» Given data:
┌────────
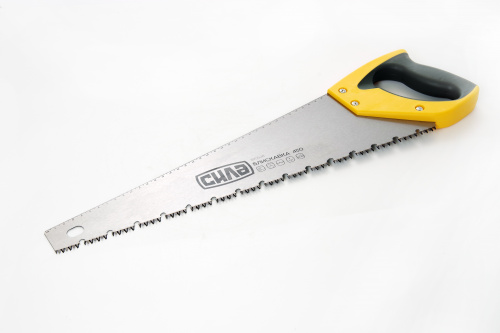 Призначена для розпилювання заготовок середніх розмірів з деревини м'яких та твердих порід. Має загартований та розведений зуб з 3-х гранним заточенням, що дозволяє виробляти пиляння в обох напрямках. Пила оснащена запобігає її прослизу в руці двокомпонентної (пластмаса + гума) ручкою закритої форми, яка кріпиться до полотна гвинтами. Полотно із сталі.
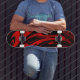 As cores do vermelho e preto criam um olhar arrojado e aterrorizado neste skate. Um legal efeito de borbulhamento criado de uma técnica de camadas de pincel digital. As ondas onduladas são exibidas dentro das ondas. Esta praia inspirou a design moderna e divertida.
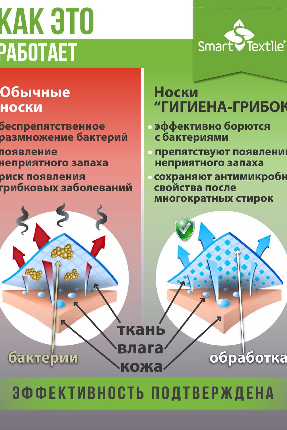 Противогрибковая защита: Носки обработаны специальными средствами, которые предотвращают развитие грибковых инфекций и защищают кожу ног от бактерий.
└────────
» Assignment:
With the pictures removed, write the listing out word for word.

» Answer for this exercise:
 Призначена для розпилювання заготовок середніх розмірів з деревини м'яких та твердих порід. Має загартований та розведений зуб з 3-х гранним заточенням, що дозволяє виробляти пиляння в обох напрямках. Пила оснащена запобігає її прослизу в руці двокомпонентної (пластмаса + гума) ручкою закритої форми, яка кріпиться до полотна гвинтами. Полотно із сталі.
 As cores do vermelho e preto criam um olhar arrojado e aterrorizado neste skate. Um legal efeito de borbulhamento criado de uma técnica de camadas de pincel digital. As ondas onduladas são exibidas dentro das ondas. Esta praia inspirou a design moderna e divertida.
 Противогрибковая защита: Носки обработаны специальными средствами, которые предотвращают развитие грибковых инфекций и защищают кожу ног от бактерий.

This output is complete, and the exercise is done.